Task:
Copy out the entire listing below exactly, but without its pictures.

Given data:
'''

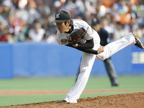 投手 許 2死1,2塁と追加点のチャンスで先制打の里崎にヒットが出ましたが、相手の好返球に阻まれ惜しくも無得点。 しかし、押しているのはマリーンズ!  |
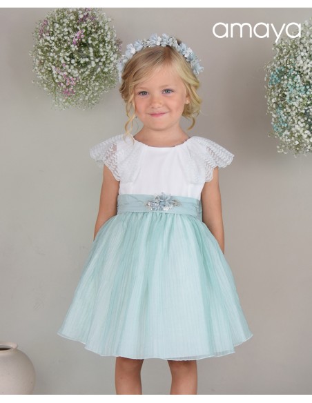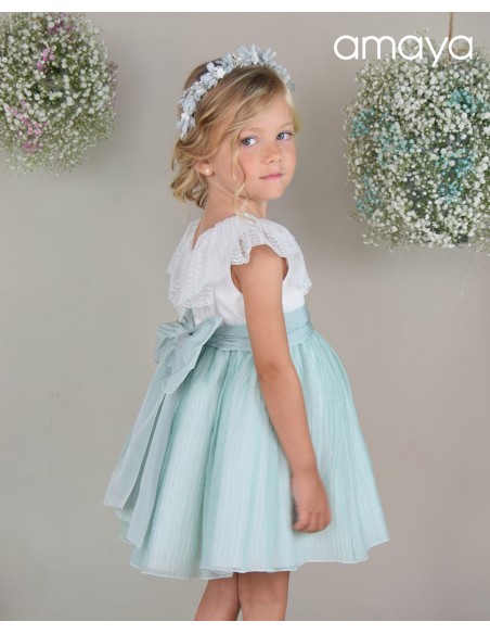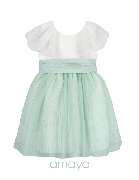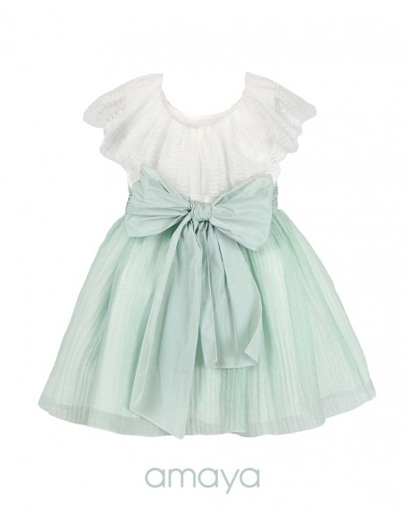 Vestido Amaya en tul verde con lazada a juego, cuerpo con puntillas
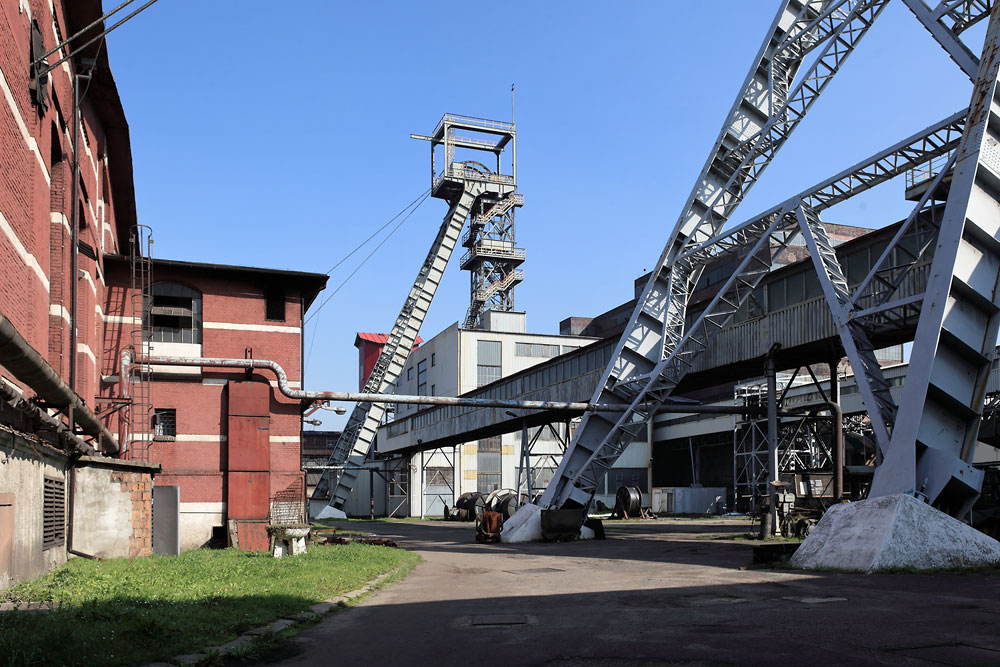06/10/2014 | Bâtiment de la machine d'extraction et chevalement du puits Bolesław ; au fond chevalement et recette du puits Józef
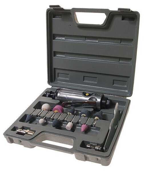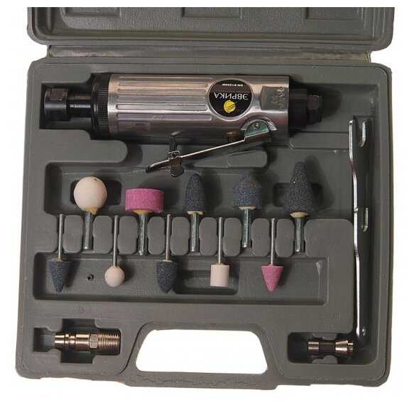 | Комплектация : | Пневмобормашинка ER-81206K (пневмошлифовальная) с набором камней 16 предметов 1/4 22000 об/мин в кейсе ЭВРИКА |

'''

Exercise answer:
 投手 許 2死1,2塁と追加点のチャンスで先制打の里崎にヒットが出ましたが、相手の好返球に阻まれ惜しくも無得点。 しかし、押しているのはマリーンズ!  |
 Vestido Amaya en tul verde con lazada a juego, cuerpo con puntillas
06/10/2014 | Bâtiment de la machine d'extraction et chevalement du puits Bolesław ; au fond chevalement et recette du puits Józef
 | Комплектация : | Пневмобормашинка ER-81206K (пневмошлифовальная) с набором камней 16 предметов 1/4 22000 об/мин в кейсе ЭВРИКА |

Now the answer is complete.